This is A Trading Tale. It deals with what is called Data Mining and thus the title. The subtitle is “Fools Gold” and I use it to help you remember the tale’s lesson. Fools Gold is the name given to a mineral which looks like gold but is actually worthless. The earliest origin of the term I can uncover is attributed to a Martin Frobisher and his return to England from a voyage to find the North West Passage in 1576 with a cargo of this supposed ‘gold mineral’. The term has come to denote any apparent treasure trove that turns out to be worthless. 450 years later we have our own version of fools gold—it’s called the financial markets. Just like the unknowledgeable prospectors of old thought they had hit the mother-lode, so do many of today’s data prospectors or data miners.
So what is Data Mining? Data Mining is a technique applied to many disciplines where the researcher examines data and tries to find patterns. Humans are great at finding patterns and with the aid of computers and fancy algorithms never have so many patterns been found in financial data. Test any hypothesis on a stream of data or a time series and you will find a pattern. What distinguishes the professional from the amateur pattern finder is discipline. The professional finds a pattern and then tries to prove the pattern is false. The amateur thinks they’ve discovered the next best thing to sliced bread and goes about trading this only known to them pattern until you guessed it—it stops working, they lose money and off they go in search of new patterns.

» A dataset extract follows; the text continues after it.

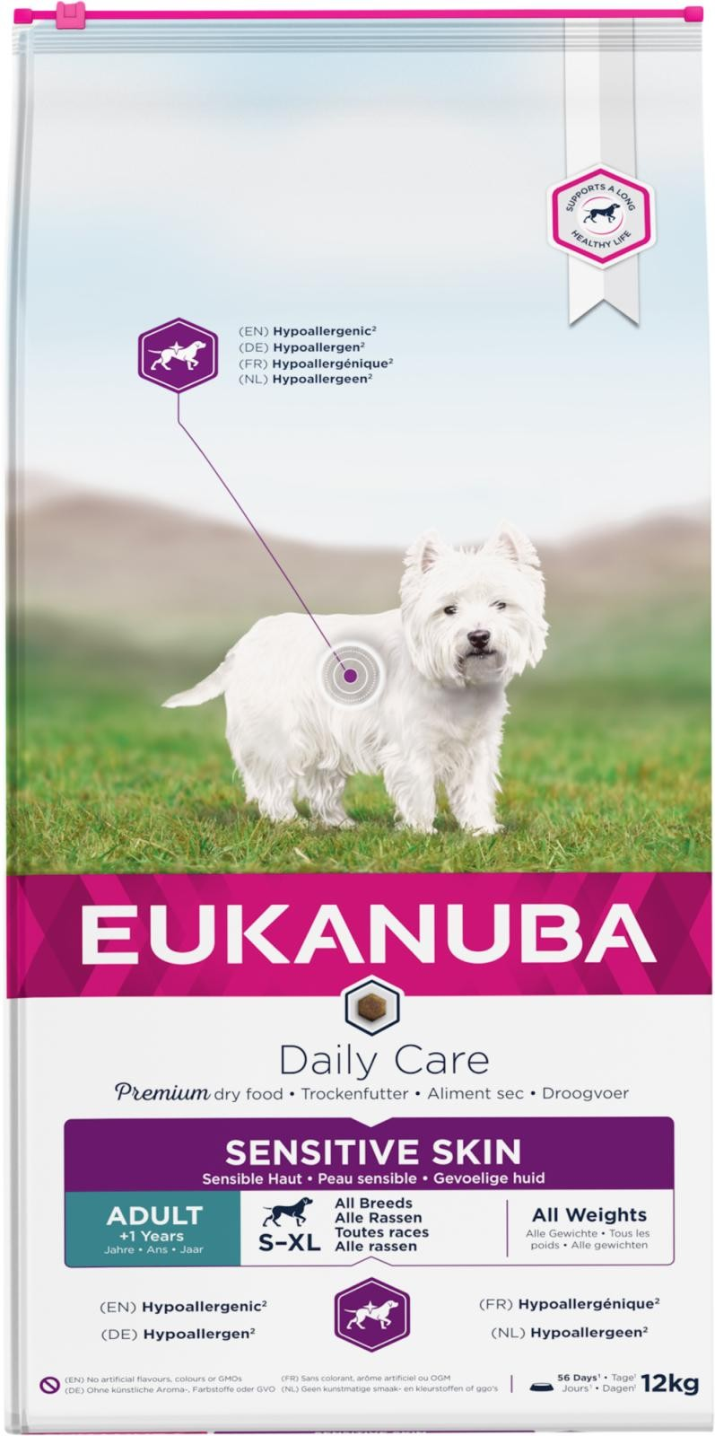 DAGLIG PLEJE FOR SART HUD følger det samme princip. Giv først din hund dette foder for at hjælpe med at give den en sund hud og pels, og fortsæt så, selv om dens pels er blank og skinnende, med at give den dette omhyggeligt udviklede foder til Daglig pleje for sart hud for at bevare dette pragtfulde udseende. Bliv ved med at give den det foder, som bekommer hunden vel, i stedet for at give den det gamle foder.

Investing is probably the greatest laboratory for the masses or amateur scientists to recognize patterns. In his book, The Alchemy of Finance, the legendary investor George Soros talks about the financial markets as a type of financial laboratory where a person can express their belief about how the world operates with their money. In its most basic form, every time someone buys or sells something they are telling the world—I have found a pattern and it tells me this is how I think the world works. The source of this belief is some type of data mining. It can come in many forms. If you fancy yourself a “Value Investor” all you are saying is that you look for a particular type of pattern. A “Growth Investor” looks for a different pattern. The “Tactical Asset Allocator” seeks something else altogether. This tale will show you a pattern that I’ve discovered that has worked so well since August 12, 1982 that the amateur trader might want to go out and trade it immediately. But beware, there are shifting patterns. Beware of the Fools Gold.

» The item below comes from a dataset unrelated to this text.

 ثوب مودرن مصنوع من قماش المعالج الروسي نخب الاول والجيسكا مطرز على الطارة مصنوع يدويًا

What is this pattern you might ask? It’s a simple pattern. You download data on the SP500 from August 12, 1982 through September 24, 2010 and ask your computer to perform the following or test for the following; Buy the SP500 at yesterday’s high if and only if it reaches yesterday’s high and sell it at the closing price today. This is a simple day-trade. The results are remarkable. A $100,000 investment to this trading system grew to over $33 million dollars over the roughly 28 year period. A simple Buy and Hold in the same SP500 during the same time frame grew to approximately $1.1 million. This approach made almost 30 times more than Buy and Hold. To the amateur this seems easier than taking candy from a baby. It’s a no-brainer. But let’s look at it through a different microscope. Let’s try to see what’s wrong with this.

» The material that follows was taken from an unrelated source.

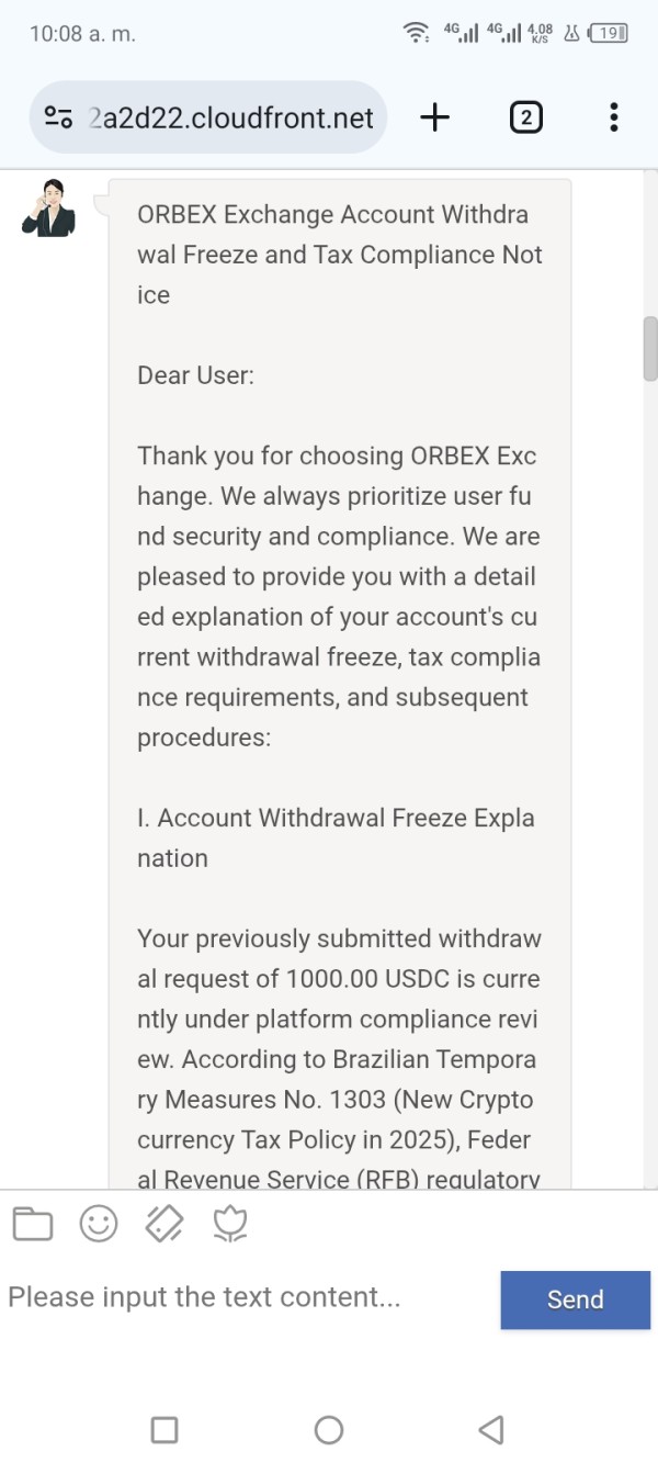 Hola... Quise realizar mi primer retiro de mi cuenta Orbex, por una cantidad de 1000$. Y hasta la fecha no me a llegado el dinero a mi cuenta de Binance. Y escribi a atención al cliente, y ahora me dice que mi cuenta está congelada y debo pagar aproximadamente 4000$ de impuestos!

The first thing I do whenever I try to disprove a hypothesis is look at a logical antithesis. It’s just what I like to do, others have their own techniques. So I ask the question. Ok buying yesterday’s high if and only if today’s price gets to yesterday’s high and selling at today’s close grows $100,000 to more than $33 million. What if I bought at yesterday’s low instead if and only if today’s price gets to yesterday’s low and sell at today’s close. When I did this the results were reinforcing. The same $100,000 grew to $2263 over the 28 year time frame. This is fantastic. Buying yesterday’s high and avoiding yesterday’s low over the last 28 years has worked. The next part is crucial. By now you have a hypothesis that you must test on what researchers call an out of sample data set. All this means is does your hypothesis work over a time frame that you didn’t include while developing your hypothesis.
To test my hypothesis I decided to run the same trading system or rules for the period January 2, 1962 through the magical August 12, 1982. The results were startling but as any professional would have anticipated. $100,000 invested in the top performing system from 1982-present, the one that grew to over $33 million lost money when run over the previous 20 years. In fact it was so bad that $100,000 was only worth $126 on August 12, 1982. This is a stunning 99.9% loss in your original capital. Not a very good system is it?
As always I am curious so I tested the logical antithesis of the system that performed so poorly over the last 28 years for the same time frame of January 2, 1962 through the magical August 12, 1982 to see how it performed. By now you can guess what happened. In this case $100,000 grew to over $24 million. The exact system that performed so poorly over the last 28 years was a gold mine over the previous 20 years.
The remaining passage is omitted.